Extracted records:
☆ ☆ ☆ ☆ ☆

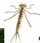
La larve de demoiselle (19 à 29 mm)
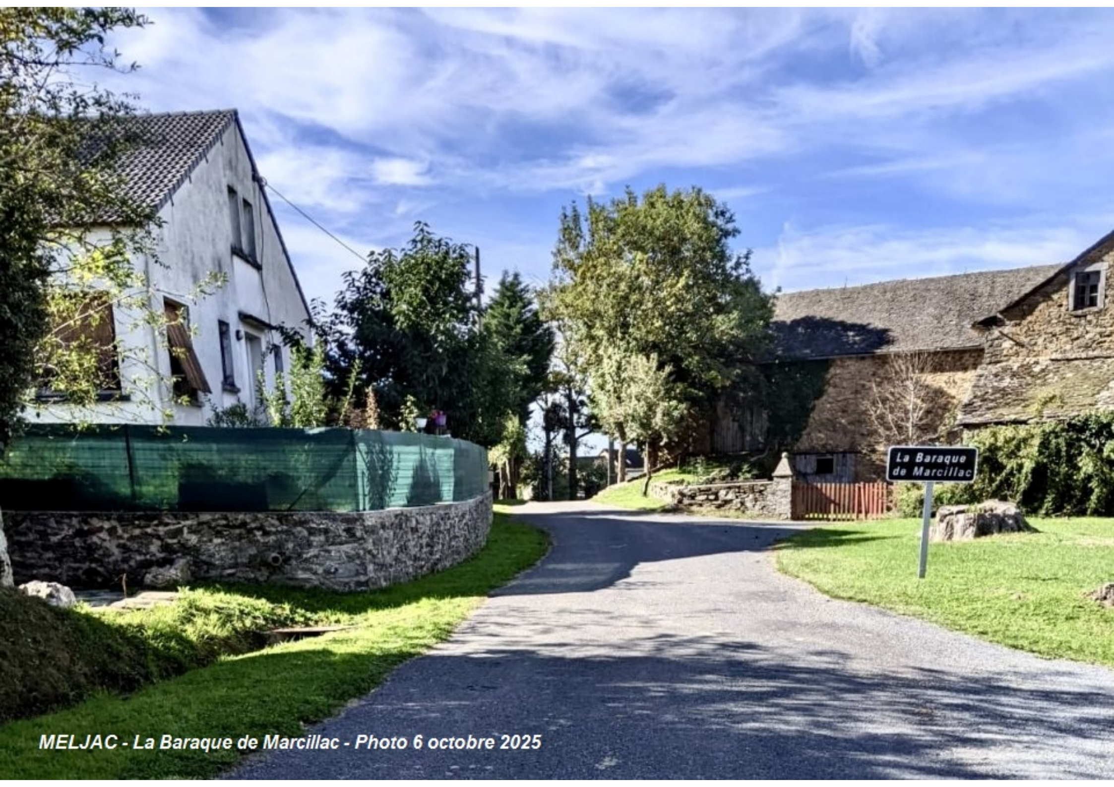
MELJAC - La Baraque de Marcillac - Photo 6 octobre 2025
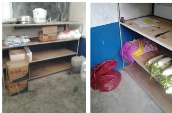
图 8 储藏室内景组图

由于国家实施营养餐，账务由镇上三岔河中学统一管理。三岔河中学统一采购大米、油和肉，每次采购完校长就会把这些东西统一拿到学校，学校只负责买平时的蔬菜，蔬菜有时候在村民那里买些，大部分时间在镇上采购。每个月校长拿着票据去三岔河中学那里报账，免费午餐的拨款由三岔河中学管理统一做账。
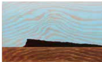
Receding Mesa at Dusk Olja & lack på plywood 12 x 20 cm, 2017 Pris 3 000:-
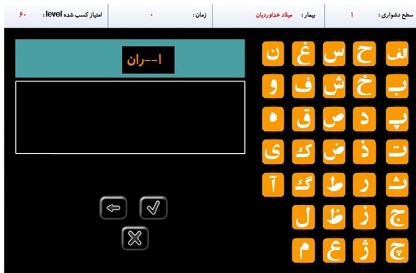
تصویر ۱- نمونه‌ای از تمرینات جهت تقویت حافظه آینده‌نگر

سطح (ب) عدم تشویق حدس زدن و استفاده از روش آزمایش و خطا (ج) ندادن فرصت اشتباه به فرد با دادن سرخ‌های بیشتر برای بازیابی تا رسیدن به پاسخ درست (د) ارائه نمونه و مثال‌های کافی قبل از اینکه از فرد خواسته شود تکلیف اصلی را انجام دهد (و) تصحیح فوری خطاها.
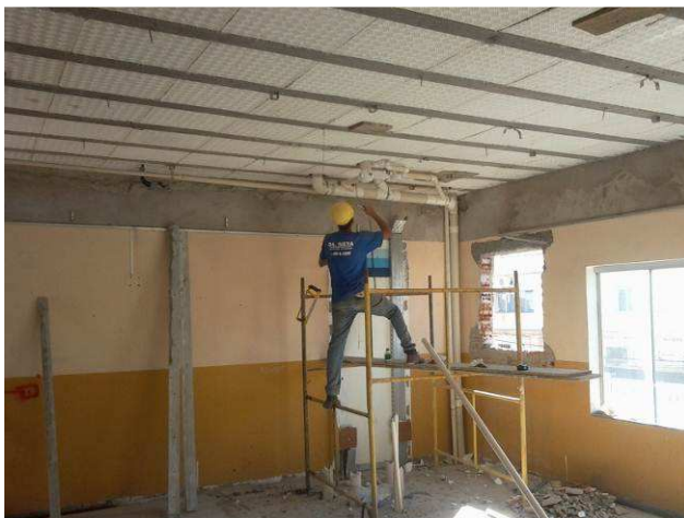
Figura 01C: uso de andaime na execução das instalações sanitárias
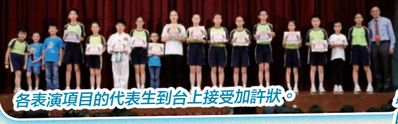
各表演項目的代表生到台上接受加許狀。
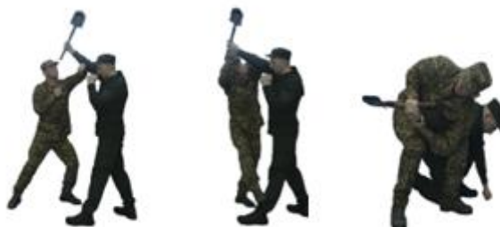
Рис. 104. Обеззброєння при ударі піхотною лопаткою (гумовим кийком) згори

Обеззброєння при ударі піхотною лопаткою (гумовим кийком) згори (рис. 104) – захиститися підставлянням передпліччя руки вгору під озброєну руку противника на замаху, захватити іншою рукою зап'ястя зверху та нанести удар ногою, виконати важіль руки досередини, обеззброїти противника та виконати загин руки за спину.
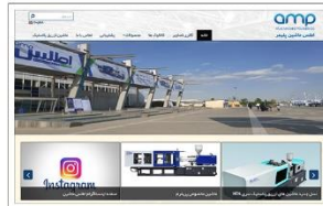
اطلس ماشین پلیمر www.atlasmachinepolymer.com

☆ ☆ ☆ ☆ ☆

• EXERCISE DESCRIPTION
Quote all the records verbatim, dropping any pictures from your copy.

• RESULT OF THIS EXERCISE
La larve de demoiselle (19 à 29 mm)
MELJAC - La Baraque de Marcillac - Photo 6 octobre 2025
图 8 储藏室内景组图

由于国家实施营养餐，账务由镇上三岔河中学统一管理。三岔河中学统一采购大米、油和肉，每次采购完校长就会把这些东西统一拿到学校，学校只负责买平时的蔬菜，蔬菜有时候在村民那里买些，大部分时间在镇上采购。每个月校长拿着票据去三岔河中学那里报账，免费午餐的拨款由三岔河中学管理统一做账。
Receding Mesa at Dusk Olja & lack på plywood 12 x 20 cm, 2017 Pris 3 000:-
تصویر ۱- نمونه‌ای از تمرینات جهت تقویت حافظه آینده‌نگر

سطح (ب) عدم تشویق حدس زدن و استفاده از روش آزمایش و خطا (ج) ندادن فرصت اشتباه به فرد با دادن سرخ‌های بیشتر برای بازیابی تا رسیدن به پاسخ درست (د) ارائه نمونه و مثال‌های کافی قبل از اینکه از فرد خواسته شود تکلیف اصلی را انجام دهد (و) تصحیح فوری خطاها.
Figura 01C: uso de andaime na execução das instalações sanitárias
各表演項目的代表生到台上接受加許狀。
Рис. 104. Обеззброєння при ударі піхотною лопаткою (гумовим кийком) згори

Обеззброєння при ударі піхотною лопаткою (гумовим кийком) згори (рис. 104) – захиститися підставлянням передпліччя руки вгору під озброєну руку противника на замаху, захватити іншою рукою зап'ястя зверху та нанести удар ногою, виконати важіль руки досередини, обеззброїти противника та виконати загин руки за спину.
اطلس ماشین پلیمر www.atlasmachinepolymer.com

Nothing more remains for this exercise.